The government is also aware of the limitations. The Ministry of Employment and Labor promised to come up with measures after admitting that just 16.8 percent of 814,000 public hires last month found jobs in the private sector. The budgetary waste is more serious among local governments and public enterprises. Despite colossal spending to increase births, the fertility rate falls deeper into the zero territory.

The tax burden rate, or ratio of taxation against national income, hit 21 percent last year. The government is liberal with fiscal spending. On top of the supersized budget of 470 trillion won ($394 billion) for 2019, the government proposes a supplementary budget of 6.7 trillion won.
It has been seeking an extraordinary budget for three years in a row.

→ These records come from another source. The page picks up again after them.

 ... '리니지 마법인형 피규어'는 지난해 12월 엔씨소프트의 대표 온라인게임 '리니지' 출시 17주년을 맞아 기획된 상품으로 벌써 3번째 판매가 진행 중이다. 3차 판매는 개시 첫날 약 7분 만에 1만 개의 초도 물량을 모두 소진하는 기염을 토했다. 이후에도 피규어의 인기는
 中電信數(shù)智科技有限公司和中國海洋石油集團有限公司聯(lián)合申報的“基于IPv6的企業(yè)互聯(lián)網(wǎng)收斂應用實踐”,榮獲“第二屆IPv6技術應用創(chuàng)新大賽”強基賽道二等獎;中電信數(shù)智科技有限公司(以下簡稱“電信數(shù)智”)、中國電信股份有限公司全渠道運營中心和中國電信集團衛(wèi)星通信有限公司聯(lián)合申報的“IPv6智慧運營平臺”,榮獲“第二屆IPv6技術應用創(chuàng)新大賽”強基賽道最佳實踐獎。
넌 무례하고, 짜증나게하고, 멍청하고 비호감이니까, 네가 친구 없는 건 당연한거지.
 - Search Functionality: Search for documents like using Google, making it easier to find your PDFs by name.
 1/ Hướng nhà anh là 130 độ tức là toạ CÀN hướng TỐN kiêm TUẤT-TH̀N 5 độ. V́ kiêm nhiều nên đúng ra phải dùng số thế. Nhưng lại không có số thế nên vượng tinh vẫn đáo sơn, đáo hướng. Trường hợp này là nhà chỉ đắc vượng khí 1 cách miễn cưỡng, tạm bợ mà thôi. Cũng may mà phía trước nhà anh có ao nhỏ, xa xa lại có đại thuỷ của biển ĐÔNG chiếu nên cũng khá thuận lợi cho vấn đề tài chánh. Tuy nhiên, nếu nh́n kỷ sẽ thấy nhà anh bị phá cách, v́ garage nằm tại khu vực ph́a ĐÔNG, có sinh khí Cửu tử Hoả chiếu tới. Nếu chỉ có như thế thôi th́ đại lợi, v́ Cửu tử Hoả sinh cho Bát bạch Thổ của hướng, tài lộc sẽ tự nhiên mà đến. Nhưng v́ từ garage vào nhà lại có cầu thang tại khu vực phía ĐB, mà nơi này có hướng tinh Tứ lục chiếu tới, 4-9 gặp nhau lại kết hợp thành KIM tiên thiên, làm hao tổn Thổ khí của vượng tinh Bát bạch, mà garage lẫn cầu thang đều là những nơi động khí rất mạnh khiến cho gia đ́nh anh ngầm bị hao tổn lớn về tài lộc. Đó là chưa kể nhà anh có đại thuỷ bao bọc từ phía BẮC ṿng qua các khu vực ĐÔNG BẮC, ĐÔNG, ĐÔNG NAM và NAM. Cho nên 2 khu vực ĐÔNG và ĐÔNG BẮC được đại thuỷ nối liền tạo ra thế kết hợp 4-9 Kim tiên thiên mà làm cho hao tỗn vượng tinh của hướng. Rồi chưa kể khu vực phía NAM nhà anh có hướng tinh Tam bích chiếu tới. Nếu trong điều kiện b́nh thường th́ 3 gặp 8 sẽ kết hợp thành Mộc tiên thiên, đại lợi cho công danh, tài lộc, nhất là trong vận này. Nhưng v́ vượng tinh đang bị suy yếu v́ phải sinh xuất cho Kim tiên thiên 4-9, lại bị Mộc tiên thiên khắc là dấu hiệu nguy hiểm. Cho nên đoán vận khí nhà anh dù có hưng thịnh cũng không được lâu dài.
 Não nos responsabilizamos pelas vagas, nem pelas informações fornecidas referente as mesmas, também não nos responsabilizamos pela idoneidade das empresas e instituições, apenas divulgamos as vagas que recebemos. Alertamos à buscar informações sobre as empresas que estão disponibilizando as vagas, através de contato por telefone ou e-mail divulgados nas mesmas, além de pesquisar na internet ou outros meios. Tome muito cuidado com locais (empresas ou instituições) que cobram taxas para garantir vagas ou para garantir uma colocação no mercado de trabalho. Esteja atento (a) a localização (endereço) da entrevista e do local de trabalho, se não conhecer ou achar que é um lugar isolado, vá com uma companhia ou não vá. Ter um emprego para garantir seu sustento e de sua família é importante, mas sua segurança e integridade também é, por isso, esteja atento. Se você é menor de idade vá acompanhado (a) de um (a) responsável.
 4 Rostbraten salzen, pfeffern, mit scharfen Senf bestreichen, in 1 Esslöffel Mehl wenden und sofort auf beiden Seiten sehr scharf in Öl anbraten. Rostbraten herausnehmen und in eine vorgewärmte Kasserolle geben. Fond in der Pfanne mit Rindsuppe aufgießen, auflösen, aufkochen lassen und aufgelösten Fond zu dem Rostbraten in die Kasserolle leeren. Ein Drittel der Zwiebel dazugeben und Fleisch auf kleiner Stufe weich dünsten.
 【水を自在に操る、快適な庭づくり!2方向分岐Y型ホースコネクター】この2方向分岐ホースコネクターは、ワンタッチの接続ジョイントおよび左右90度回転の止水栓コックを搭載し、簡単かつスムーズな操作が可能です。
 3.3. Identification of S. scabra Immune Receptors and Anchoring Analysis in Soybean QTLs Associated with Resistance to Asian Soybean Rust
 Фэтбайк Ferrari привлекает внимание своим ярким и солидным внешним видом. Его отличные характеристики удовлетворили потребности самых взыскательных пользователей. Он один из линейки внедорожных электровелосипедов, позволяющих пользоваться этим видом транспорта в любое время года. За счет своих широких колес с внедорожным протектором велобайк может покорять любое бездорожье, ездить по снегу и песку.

The International Monetary Fund (IMF) has advised that there is still room for fiscal expansion in the case of Korea, but that does not justify reckless spending. It recommends increased spending to bolster growth potential to avoid a structural slowdown. Yet the spending plans have been invested for future growth.

Tax collection has been slow so far this year due to deterioration in corporate and individual income. Individual income has been stagnant, while the combined operating profit of the top 30 companies was halved from a year ago in the first quarter. A decline in earnings also reduces tax revenue.

It is a dangerous self-delusion to rely on public finance. In 10 years, Korea’s working population will thin sharply while those on welfare will surge. Public finance must be structured with far-sighted regard for demographic factors and a slow-moving economy.